Ashes to Ashes


The tree had grown from a sapling in the savannah of Northern Ghana, surrounded by small shrubs and, at a distance, by other trees. Throughout its lifetime, it had absorbed water from the ground, water which had fallen each rainy season and dissolved metal salts as it soaked through the soil. By the miracle of photosynthesis, the tree had also gathered carbon dioxide from the air and combined it with the moisture from the ground and the metal salts to make wood, bark, leaves - more and more tree-stuff as it grew larger and reached for the sky against the competition from all the other plantlife around it.

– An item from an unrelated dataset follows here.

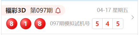 福彩3D第097期开奖结果为:818
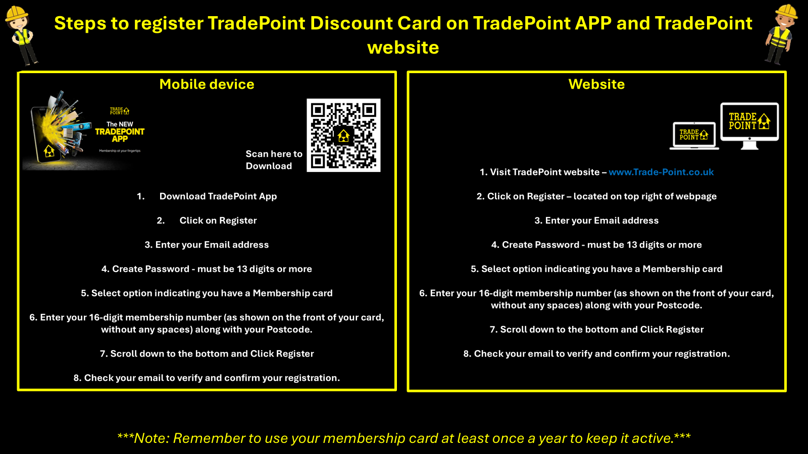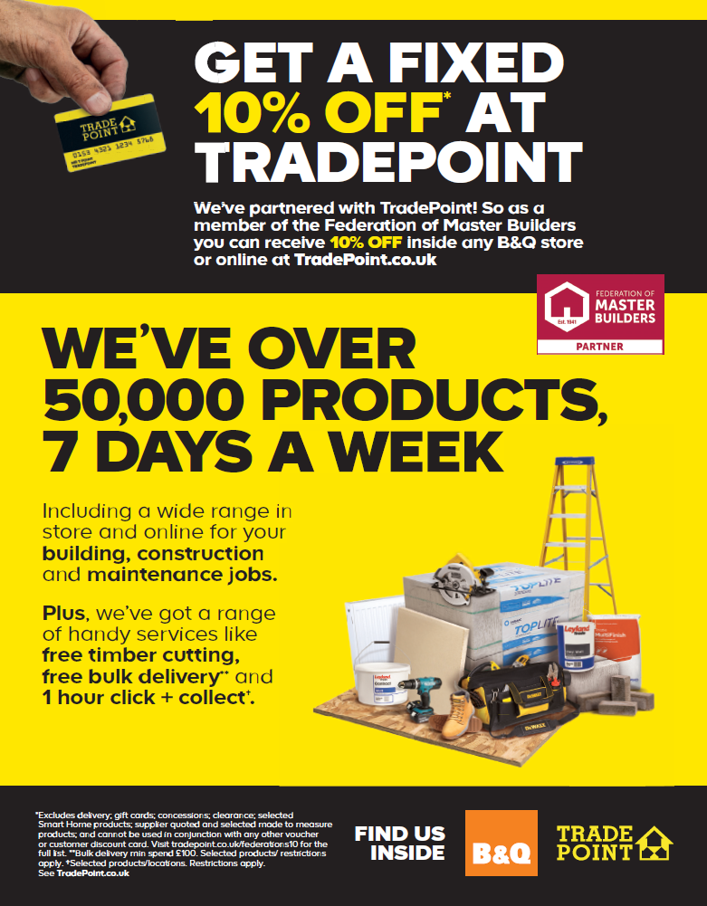 When you join the FMB you will receive a TradePoint card and you can also request more cards for your colleagues by filling in the TradePoint discount card request form. Not an FMB member? Find out more on the Become a Master Builder page.

As I looked at it, most of the tree had gone, changed entirely and gone. It had caught fire, maybe from a lightning strike, possibly set on fire by poachers making camp. It had then smouldered away, the carbon in its various tree-stuffs changing back to carbon dioxide and escaping into the air. The metals which had formed a small part of the stuff of the tree, now lay on the ground as white oxides, showing the shape of the trunk and large branches rather like a huge photograph invented by nature.

When the rains came, the ash would be washed down into the earth, to be absorbed by other plantlife. The carbon dioxide in the air would be re-organised by other plants into new shapes and structures. Such is the nature of life on earth, and as I looked at the ash on the ground, I pondered on our part in it.